What the task requires —
Your task is to return, word for word, only the lines from the line with "公眾還可漫步花園,欣賞大型花" through the close of the data. Exclude all pictures.

━━━━━ Data shown ━━━━━

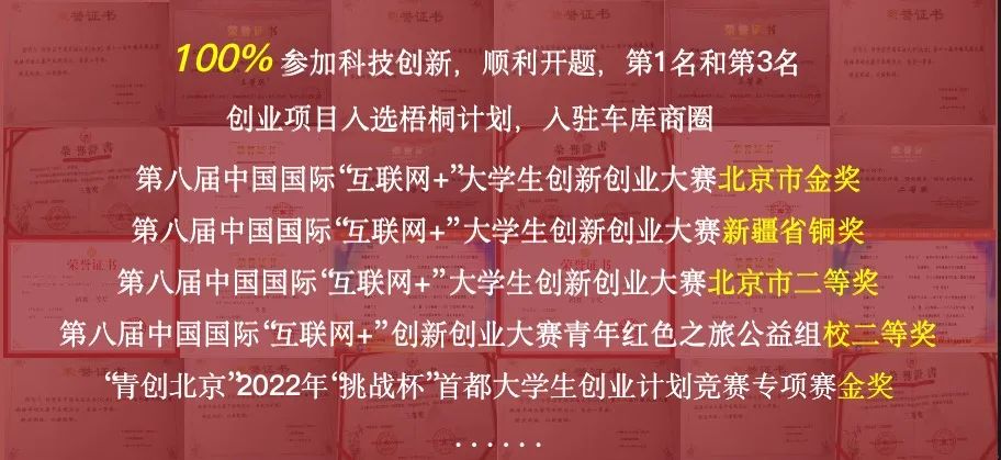团支部成员100%参与科技创新项目,于大学生创新训练项目中获得开题第2名和第6名;同时积极参与各类竞赛,荣获 第八届“互联网+”大学生创新创业大赛北京市金奖、新疆维吾尔自治区铜奖、北京市一等奖、二等奖等多级奖项,“青创北京”文化创意赛道金奖等二十余项荣誉。
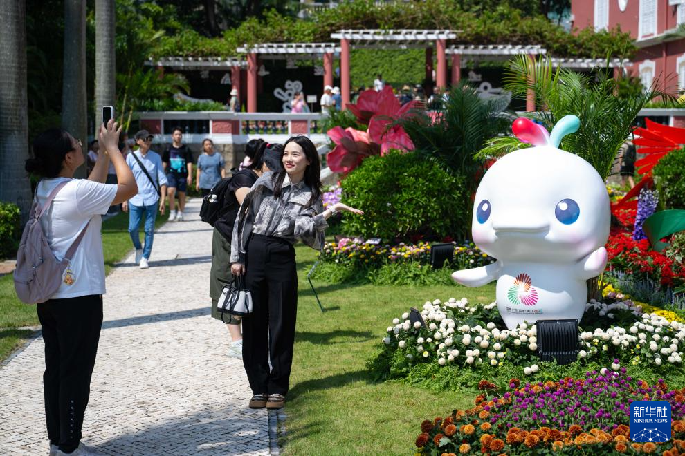 公眾還可漫步花園,欣賞大型花卉展?;ɑ苷挂允暹\會為主題,選用主題花乒乓菊等超過20種花卉植物作布置,加之活潑可愛的十五運會吉祥物“喜洋洋”“樂融融”,營造活力與喜慶氣氛。
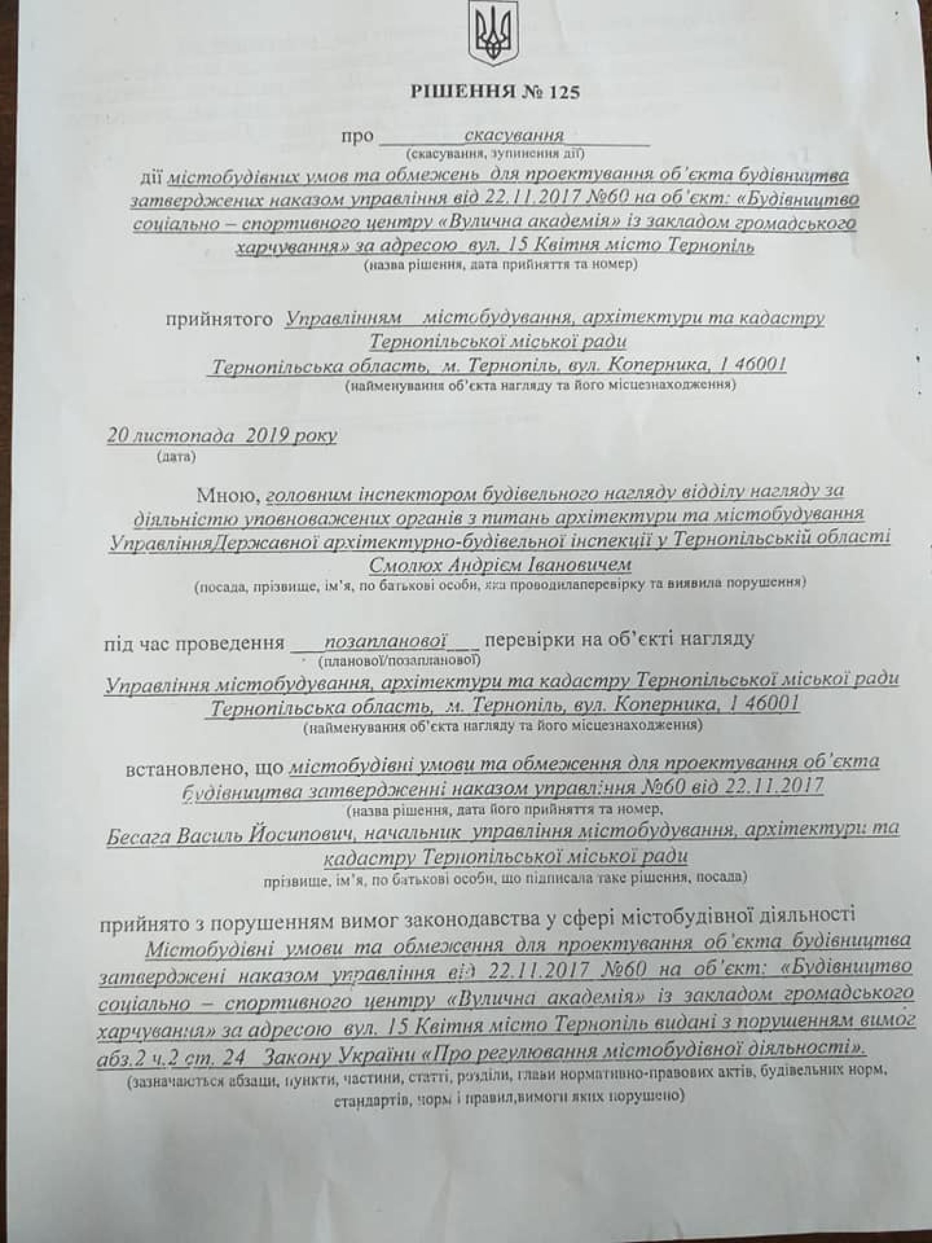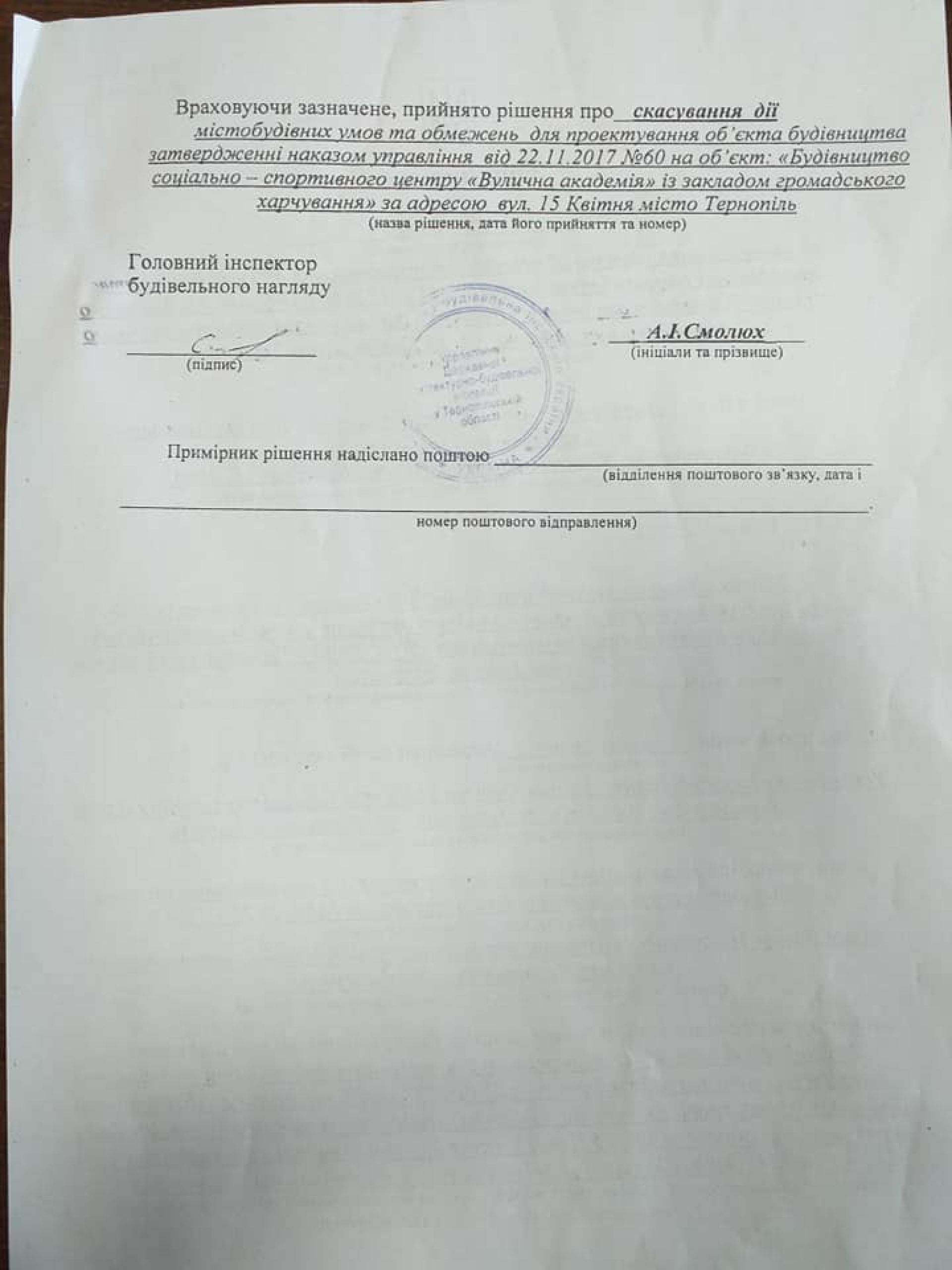 “Ми домоглися скасування містобудівних умов та обмежень для готелю "Вуличної академії" в парку Національного відродження. Жодні будівельні роботи на вказаному об'єкті вестися не можуть. Прошу поліцію взяти до уваги цей доказ. Окремо готуються документи по чиновниках ТМР, що підписують незаконні дозвільні документи. Далі буде.”, - написала Юлія на своїй сторінці і додала фото рішення у якому йдеться про скасування. Скасував містобудівні умови та обмеження “Вуличної академії” в парку Нацвідродження Держархбудконтроль області.

━━━━━

Response to this task —
 公眾還可漫步花園,欣賞大型花卉展?;ɑ苷挂允暹\會為主題,選用主題花乒乓菊等超過20種花卉植物作布置,加之活潑可愛的十五運會吉祥物“喜洋洋”“樂融融”,營造活力與喜慶氣氛。
 “Ми домоглися скасування містобудівних умов та обмежень для готелю "Вуличної академії" в парку Національного відродження. Жодні будівельні роботи на вказаному об'єкті вестися не можуть. Прошу поліцію взяти до уваги цей доказ. Окремо готуються документи по чиновниках ТМР, що підписують незаконні дозвільні документи. Далі буде.”, - написала Юлія на своїй сторінці і додала фото рішення у якому йдеться про скасування. Скасував містобудівні умови та обмеження “Вуличної академії” в парку Нацвідродження Держархбудконтроль області.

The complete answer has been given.